Easter is almost here!
Which means we’re serving up brunch recipes on the blog this week.
Easter brunch is a tradition I love – whether I’m back visiting family, in Chicago doing a potluck with my roomies, or camping in the mountains with my #1 – I look forward to celebrating the holiday with brunch. It’s what we know how to do.
This year I’m combining two of the three – we’re meeting my parents in the mountains for the weekend. While we (unfortunately) won’t have time – or space – to create our own brunch on Sunday, you best believe that we will find a restaurant that will.
And french toast better be on the menu! But if it’s not – I guess it’s good I got my fix in this past weekend? (But, it better be on the menu.)
I’m looking forward to the weekend trip – spend some time hiking, brewery hopping, and maybeeee we’re planning on crossing off a few (read: a lot) wedding to-dos. Fun stuff like our dessert tasting…at 9 a.m.

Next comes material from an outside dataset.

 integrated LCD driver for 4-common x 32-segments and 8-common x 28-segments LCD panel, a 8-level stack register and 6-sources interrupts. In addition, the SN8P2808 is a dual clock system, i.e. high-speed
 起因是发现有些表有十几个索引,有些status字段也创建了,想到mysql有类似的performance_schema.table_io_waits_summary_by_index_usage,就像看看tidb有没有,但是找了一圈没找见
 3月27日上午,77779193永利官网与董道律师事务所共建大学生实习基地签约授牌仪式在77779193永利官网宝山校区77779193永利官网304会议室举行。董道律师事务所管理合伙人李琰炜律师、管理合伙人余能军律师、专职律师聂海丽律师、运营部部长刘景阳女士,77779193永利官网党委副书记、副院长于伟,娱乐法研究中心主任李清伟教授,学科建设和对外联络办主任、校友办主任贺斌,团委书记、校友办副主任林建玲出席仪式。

Because what better time to get jacked up on chocolatey treats than with your morning coffee!
Isn’t it ironic (don’t you think?) that after taking a month off bread, I come at you with a fully-loaded overnight french toast recipe. Balance y’all!
While I’m on the subject I just quickly wanted to say thank you to everyone for reading last week’s posts. I know they weren’t the conventional ones I typically post – but I wanted to share my March experience and how I benefitted from the break in so many ways. So thank you for reading, and commenting, and supporting – and all of it! You guys are the best.

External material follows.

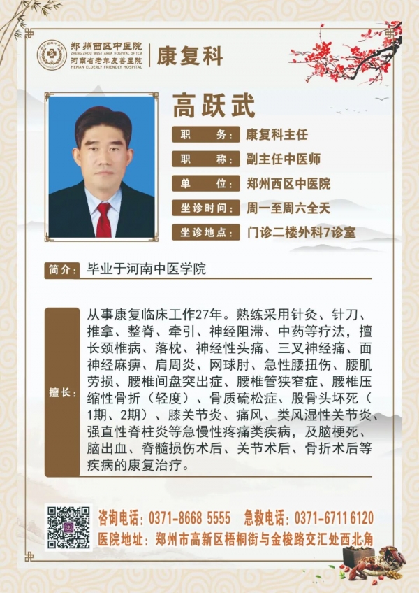 从事康复临床工作27年。熟练采用针灸、针刀、推拿、整脊、牵引、神经阻滞、中药等疗法,擅长颈椎病、落枕、神经性头痛、三叉神经痛、面神经麻痹、肩周炎、网球肘、急性腰扭伤、腰肌劳损、腰椎间盘突出症、腰椎管狭窄症、腰椎压缩性骨折(轻度)、骨质疏松症、股骨头坏死(1期、2期)、膝关节炎、痛风、类风湿性关节炎强直性脊柱炎等急慢性疼痛类疾病,及脑梗死、脑出血、脊髓损伤术后、关节术后、骨折术后等疾病的康复治疗。

So it’s my turn to hopefully repay you – in the form of overnight lemon blueberry french toast.
Things I truly love: food that can be prepped ahead of time; lemon blueberry flavored anything; bread soaked in lemon blueberry flavored anything that can be prepped ahead of time!
Say that four more times.
Since Easter morning can often times be a little hectic – running around before church, hunting for eggs, finding the frilly spring dress you want to wear – make ahead dishes are important. They save time and kitchen prep space, and hopefully will take any stress off the morning of.
(Sidenote:) I ended up using challah bread for this recipe because I think it works really well as french toast – but go with whatever you’d like – rolls, day-old sourdough, brioche!
This french toast can be prepped the night before – or even a few hours ahead the morning of (if you’re a last-minute planner) – popped in the oven, and served! It’s super simple and is of course a crowd-pleaser. Hints of lemons, fresh blueberries, bread soaked in syrup – every.single.bite.
How could you say no to that? Easter morning, or any other Sunday morning?
No, seriously. How?!
- ½ loaf challah bread, torn into cubes
- 1 cup fresh blueberries
- 3 large eggs
- 1¼ cups milk
- Juice of 1 lemon
- Zest of 1 lemon
- 1 teaspoon vanilla extract
- 1 teaspoon ground cinnamon
- ¼ teaspoon ground nutmeg
- Powdered sugar + maple syrup for topping!
- Lightly grease an 8x8 or 9x13 dish with nonstick spray. Add the bread cubes to the baking dish and evenly distribute. Top the bread crumbs with the blueberries in an even layer.
- In a large bowl, whisk together the eggs, milk, lemon juice, lemon zest, vanilla, cinnamon and nutmeg. Pour the mixture evenly over the bread cubes. Cover with aluminum foil and refrigerate overnight (or at least for 2-3 hours).
- When ready, preheat the oven to 350 degrees F.
- Place the baking dish in the oven (covered!) and bake 30-40 minutes, or until golden brown and cooked through.
- If desired, zest a little bit more lemon over top + sprinkle powdered sugar, and serve!